0.20.2 -- 0.22.x configuration files are concentrated inConf/core-site.xml, Conf/hdfs-site.xmlAndConf/mapred-site.xml..
In version 0.23.x, Yarn Technology is added., Configuration files in CONF/core-site.xml, CONF/hdfs-site.xml,Conf/yarn-site.xmlAnd CONF/mapred-site.xml. These 4 files.
As version 0.23.x has changed a lot, new technologies have been added, making it difficult for many hadoop-based plug-ins to be compatible. For example, hive, hbase, pig, and so on are all based on versions earlier than version 0.23.x.
Therefore, Apache starts to unify the version number so that hadoop functions can be distinguished from the version number.
0.22.x upgrade directly to 1.0.0
0.23.x upgrade directly to 2.0.0
In this way, hadoop is divided into two versions: 1 and 2.
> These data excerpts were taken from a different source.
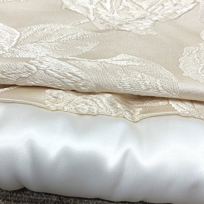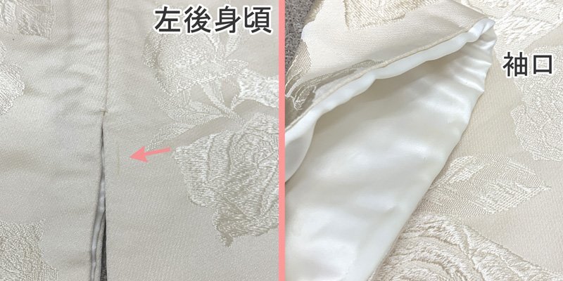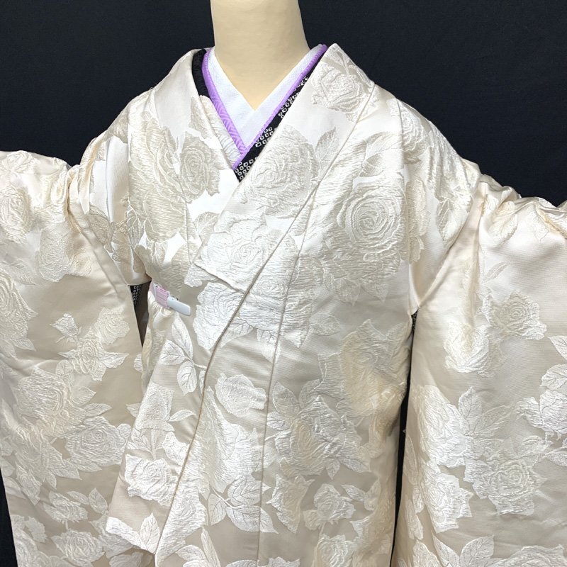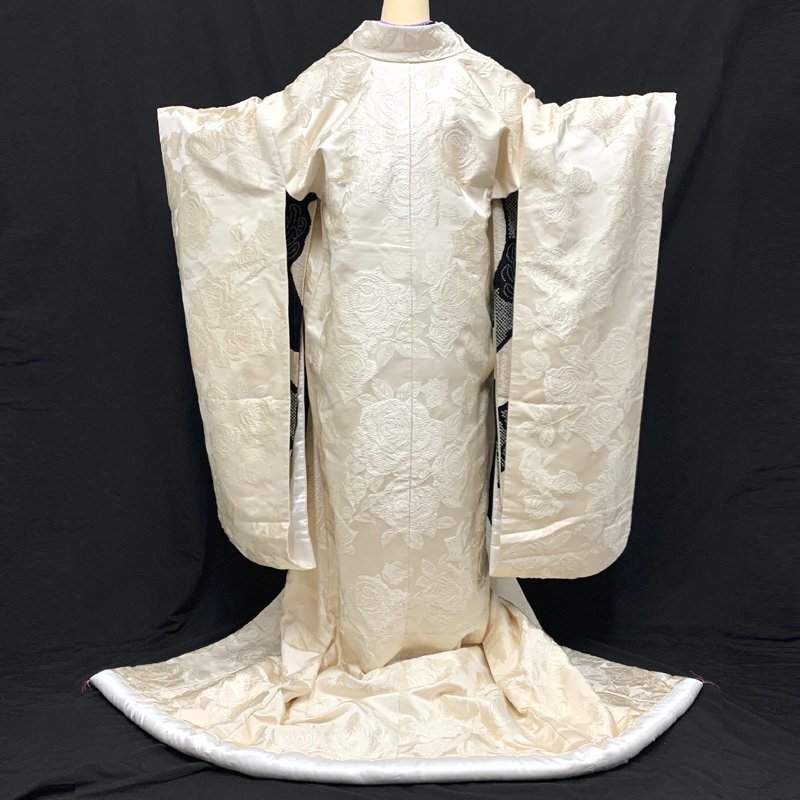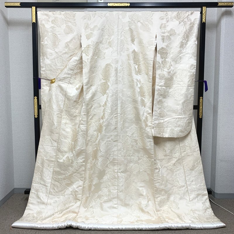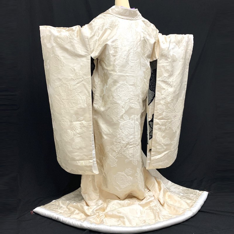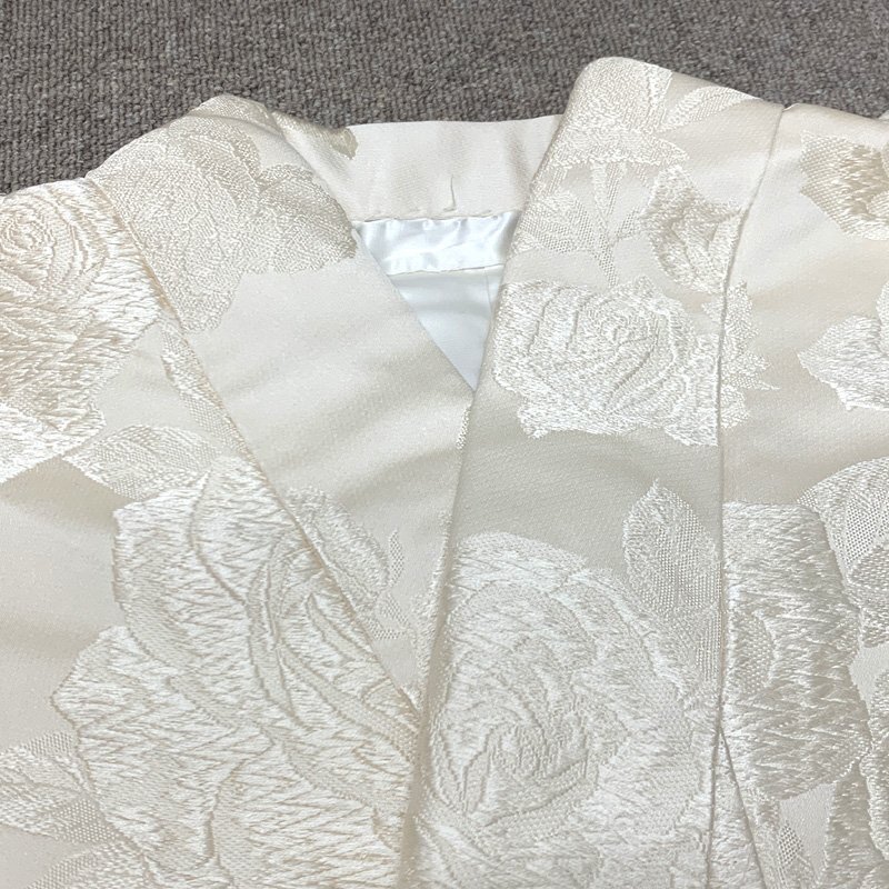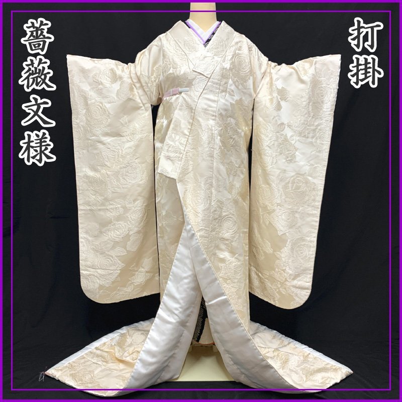 〇打掛 薔薇 結婚式 ブライダル お色直し〇美品 (No.end) アイボリーの地にバラが織り出された打掛です。結婚式のお色直しや和装の前撮りにいかがでしょうか? (こちらの商品は打掛のみです。画像の振袖や小物類は参考商品です。) レンタルアップ品で、左後身頃(袖の縫込み辺り)と袖口(着用の際は見えない部分)にシミがございます。糸の緩みや細かく薄いシミはございますが、大きく目立つようなダメージはなく美品です。 【素材】正絹 【色】アイボリー *モニターによって色味は実際と異なる場合がございます。 【サイズ】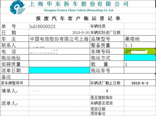 《报废车客户拖运登记表》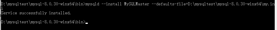 mysqld --install MySQLMaster --defaults-file=D:\mysqltest\mysql-8.0.30-winx64\my.ini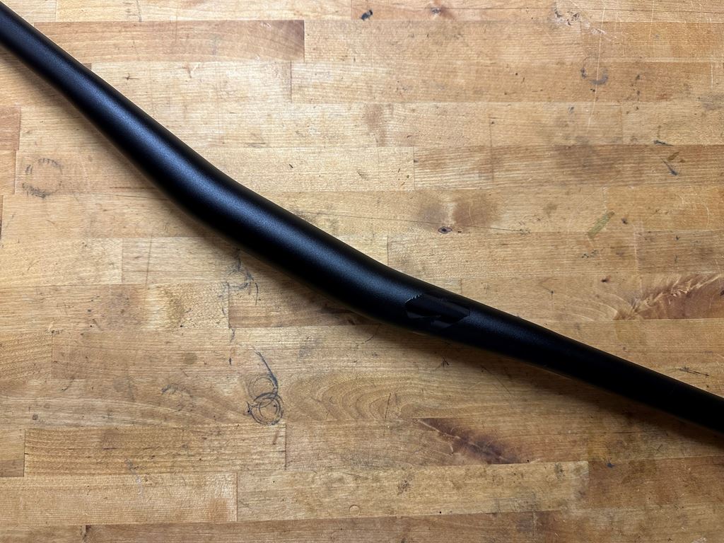 - Lenker ab Neubike, ungefahren. Specialized Alloy, 20mm rise, 35mm, 760mm wide (ungekürzt). Mit subtilem Specialized Logo in schwarz und passenden Markierungen als Ausrichthilfen.
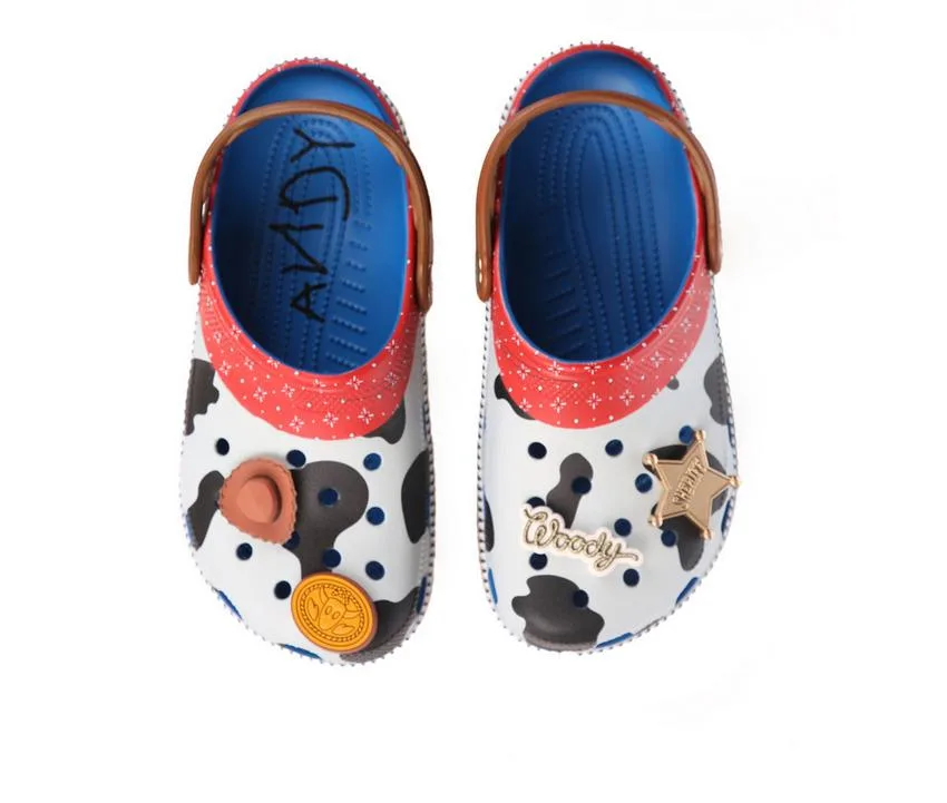 Shake out the snake in your boot, Sheriff Woody makes his debut as a Classic Clog! This exclusive design features a wrapped print reminiscent of Woody’s iconic plaid shirt and cow print vest, topped with four exclusive Jibbitz™ charms. These clogs also feature the beloved “Andy” signature on the inside sole.
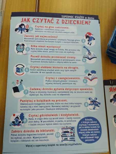 Fundacja Powszechnego Czytania. Dzieci otrzymały również kalendarzyki z poradnikiem dlaczego warto czytać dziecku od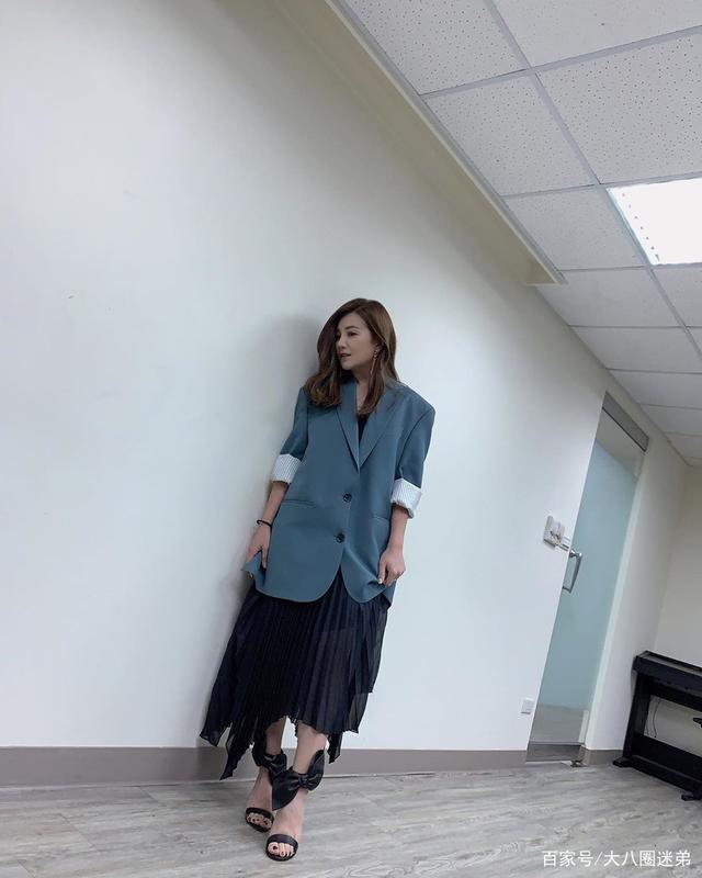 梁静茹工作闲时晒自拍,蓝色西装面带微笑状态超好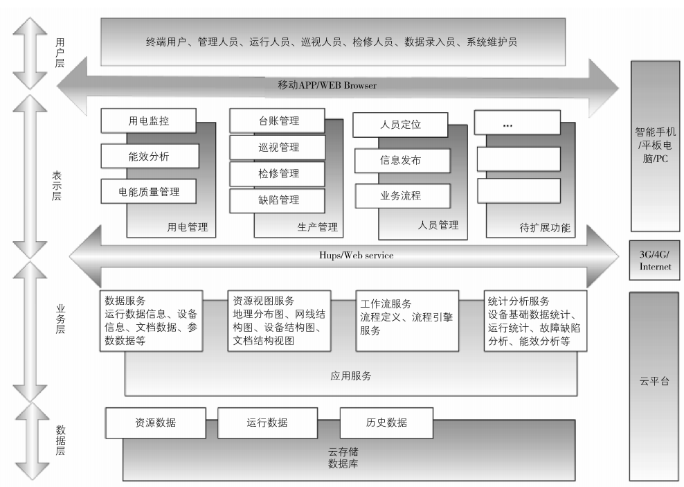 系统软件包括系统应用服务和数据服务软件,提供了包括基础信息管理服务、数据采集和存储服务、运行监视和告务、运行分析服务、数据分析服务等多种功能模块[8]。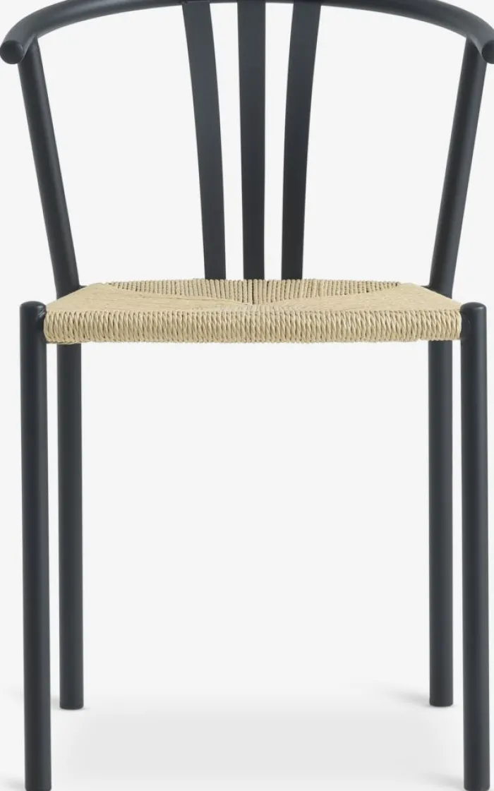 Spisebordsstol med sæde i vævet papirsnor. Sort stel i stål med buet ryglæn.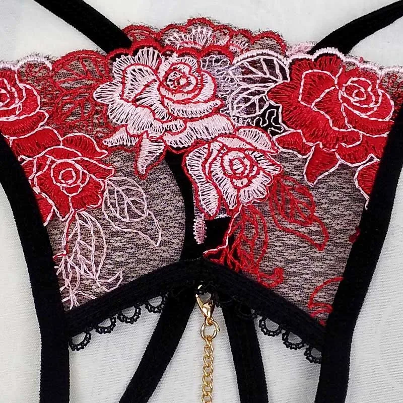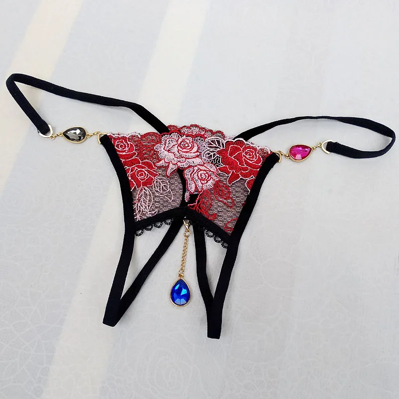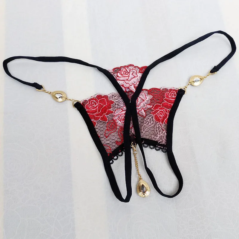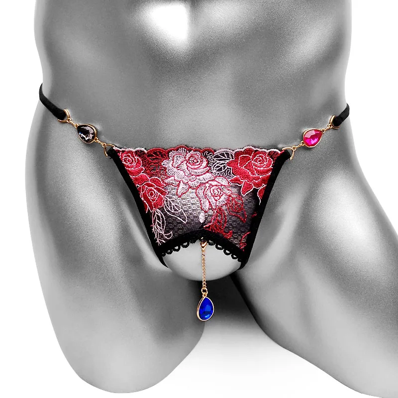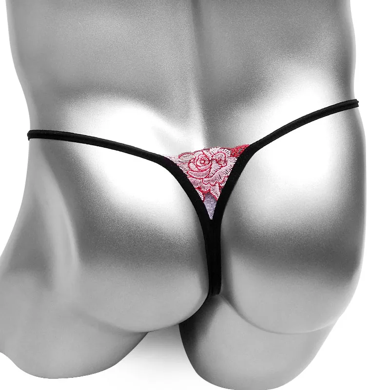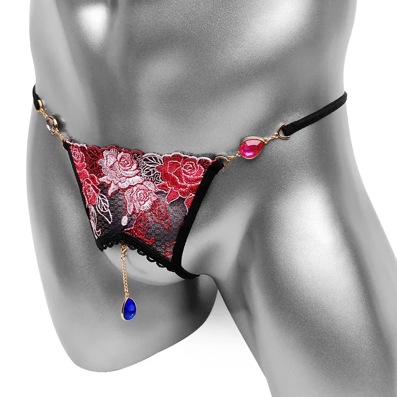 Трусы-стринги с открытой промежностью, мужские бикини с вышивкой, пикантное кружевное нижнее белье с цветочным принтом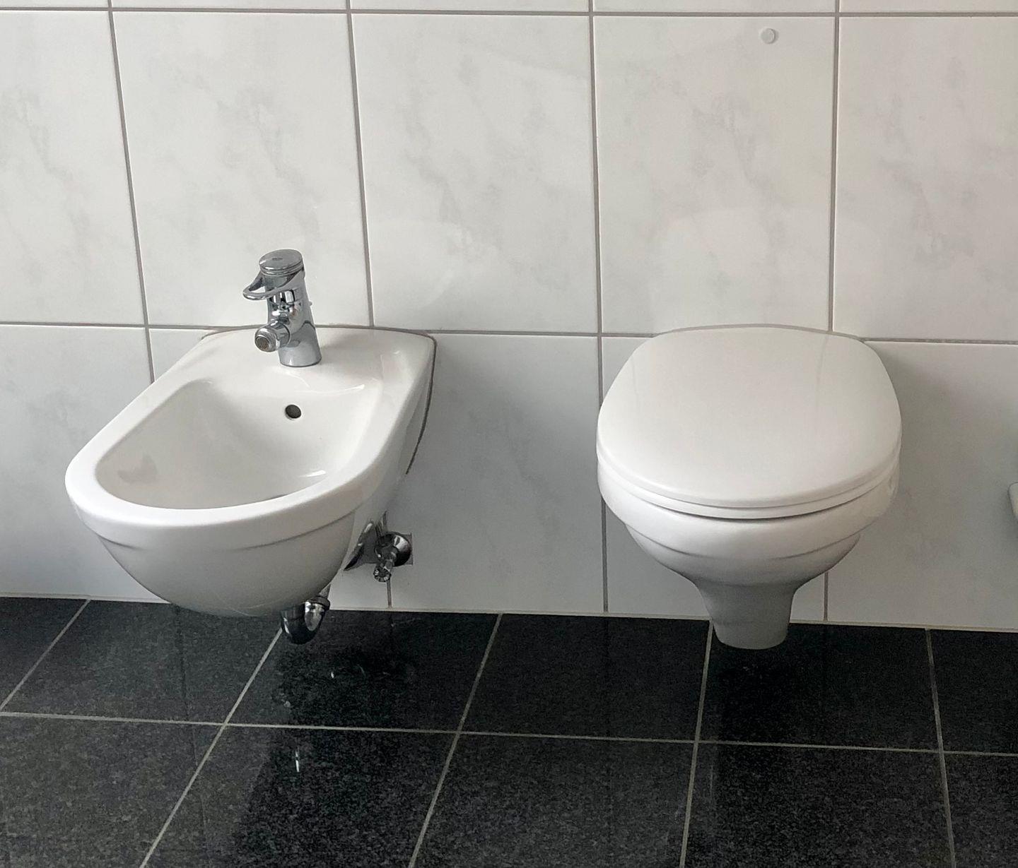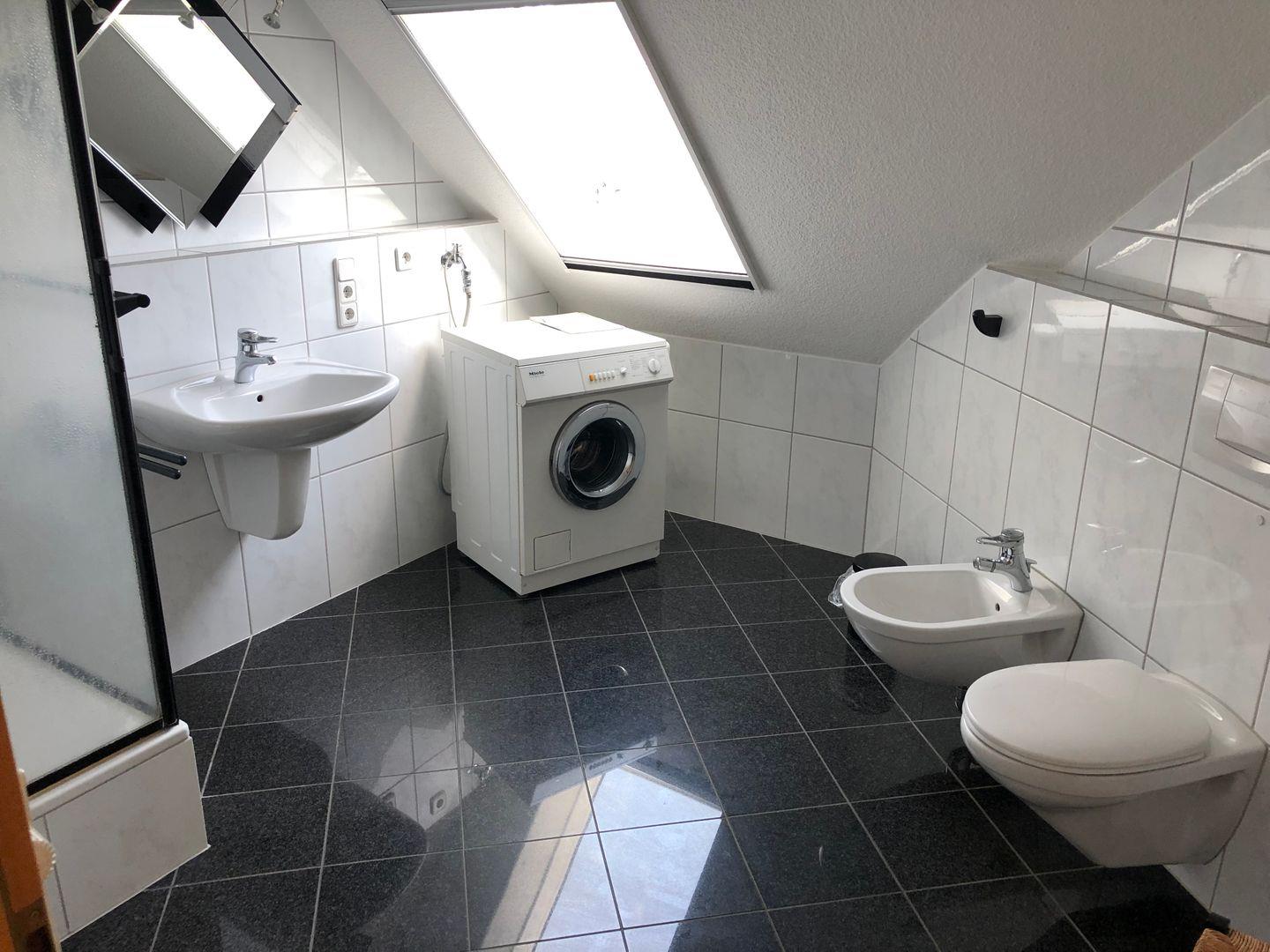 Im großen Badezimmer gibt es neben einer geräumigen Duschwanne, ein Bidet und eine Waschmaschine gegen Gebühr.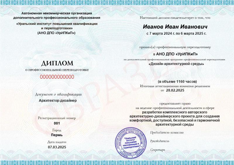 • Диплом о профессиональной переподготовке АНО ДПО «НАРХСИ» с присвоением квалификации «Архитектор-дизайнер».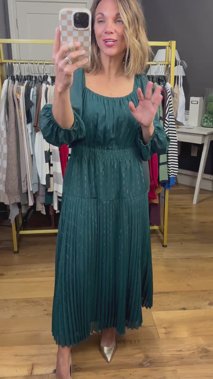 This is a beautiful peacock green dress that will be perfect for the holidays! This fits true to size with a square neckline, balloon sleeves and elastic at the waistline. Pair this with heels or boots and some accessories for a chic look!

Version 1: It is mainly based on the upgrade and development of the original technology and supports other technologies. If you want to use hbase, hive, and other technologies, you only need to select version 1.
Version 2: It is mainly based on the promotion and development of new technologies. If it is only based on hadoop development, this is a good choice.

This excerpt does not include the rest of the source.